= Fire in my mouth =

Musical composition

Julia Wolfe in 2012

Fire in my mouth is an oratorio for girls' choir, women's choir, and orchestra by the American composer Julia Wolfe. The work was commissioned by the New York Philharmonic under the direction of Jaap van Zweden and was completed in August 2018. Its world premiere was given by the Philadelphia-based chamber choir The Crossing, the Young People’s Chorus of New York City, and the New York Philharmonic led by Jaap van Zweden at David Geffen Hall, New York City, on January 24, 2019.
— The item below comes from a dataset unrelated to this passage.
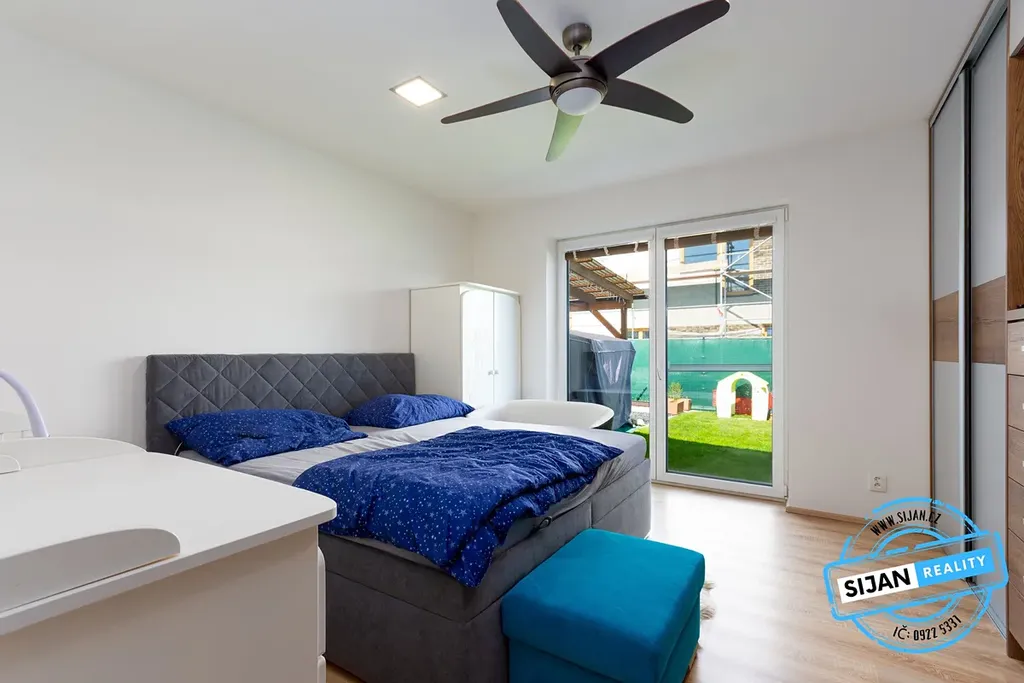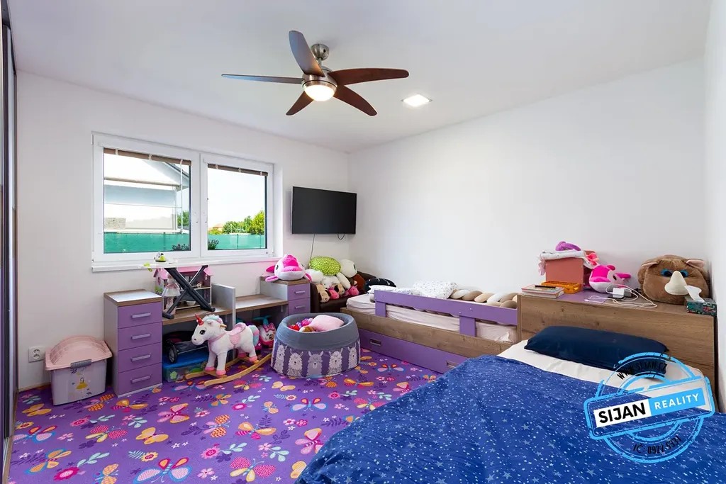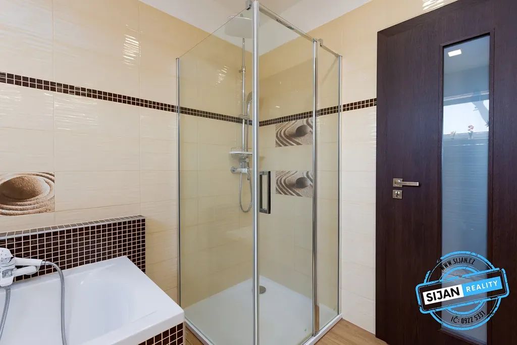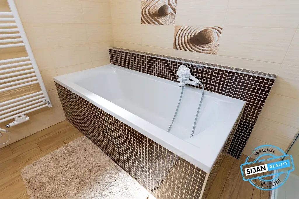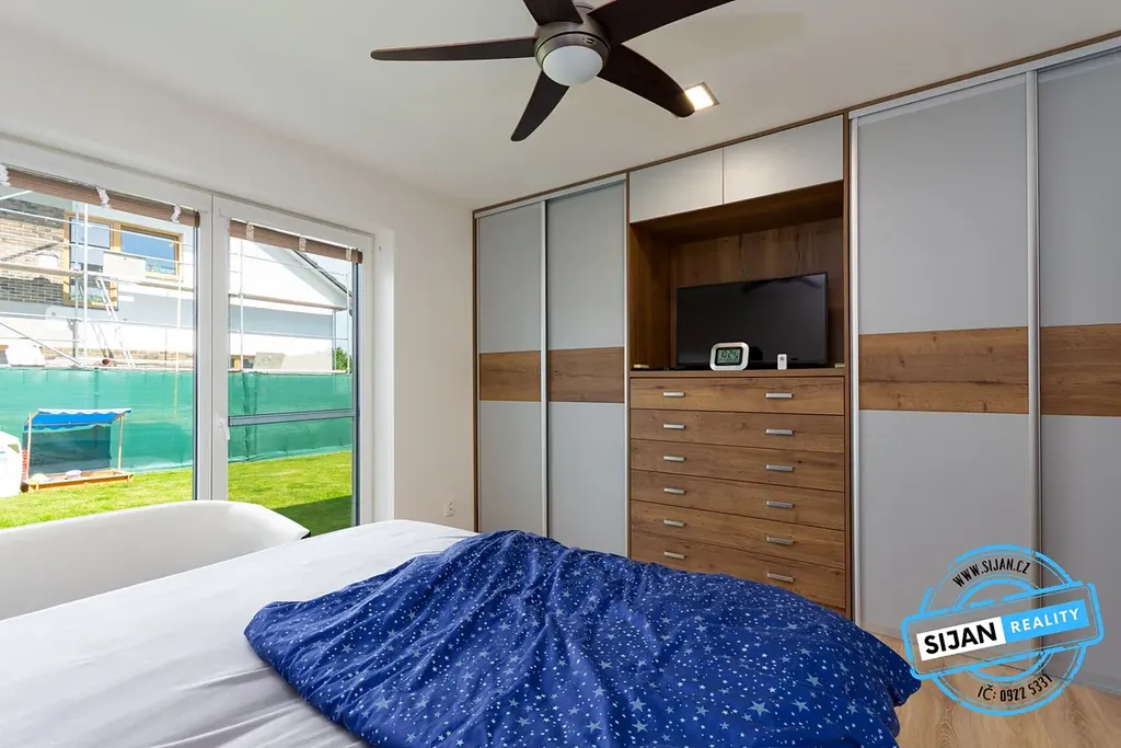 Na udržované zahradě si užijete soukromí i relax – k dispozici je bazén o objemu 20m³, vyhřívaný tepelným čerpadlem umístěným v garáži. Prostorná terasa s pergolou vybízí k letnímu posezení a rodinným grilovačkám. Samozřejmostí je garáž (32 m²) s elektrickými vraty na dálkové ovládání.

The piece was inspired by the infamous Triangle Shirtwaist Factory fire, which claimed the lives of 146 New York City garment workers—most of whom were young immigrant women—in 1911, and the political unrest surrounding it. The title of the piece comes from a quote by the labor activist Clara Lemlich, who later reflected on her years of activism saying, “Ah, then I had fire in my mouth.”

==Composition==
Wolfe utilized a number of unconventional sounds in Fire in my mouth. The composer toured New York City's Garment District and other locations in search of a specific-sounding pair of scissors, which would later be used in performance by the women's choir as a prop and percussion instrument, before setting on a pair of 12-inch shears made by Wiss. The women's choir The Crossing rehearsed in Philadelphia during the weeks leading up to the premiere. The orchestra used other extended techniques to imitate the sounds of sewing machines and fire.

==Structure==
Fire in my mouth has a performance duration of approximately one hour and is cast in four movements:
1. Immigration
2. Factory
3. Protest
4. Fire

The work's structure follows the narrative of the young factory workers as they immigrate to the United States, start work in the factory, protest unfair labor conditions, and are finally consumed by the inferno of the tragic factory fire.

==Instrumentation==
The work is scored for women's choir, girls' choir, and a large orchestra comprising three flutes, three oboes (doubling cor anglais), three clarinets (doubling E-flat clarinet and bass clarinet), three bassoons (doubling contrabassoon), four horns, three trumpets, two trombones, bass trombone, tuba, timpani, four percussionists, harp, piano, electric guitar, electric bass, and strings.

==Reception==
Reviewing the world premiere, Anthony Tommasini of The New York Times described Fire in my mouth as "ambitious, heartfelt, [and] often compelling," adding, "The big things are right in this tautly structured 60-minute piece in four parts." He described Wolfe's selection of texts as showing "great sensitivity" and her use of girls' and women's chorus as adding an "affecting touch." Nevertheless, Tommasini was somewhat critical of the work's multimedia elements, observing, "There are stretches in which the music of Fire in my mouth assumes its place in the multimedia whole a little too well. I liked it most when Ms. Wolfe went for something musically visceral or extreme, as in the climactic episode of 'Protest.'" David Hajdu of The Nation described the work as "an accomplishment on a level unmatched in [Wolfe's] previous work," writing, "Fire in my mouth is a monumental achievement in high musical drama, among the most commandingly imaginative and emotively potent works of any kind that I've ever experienced."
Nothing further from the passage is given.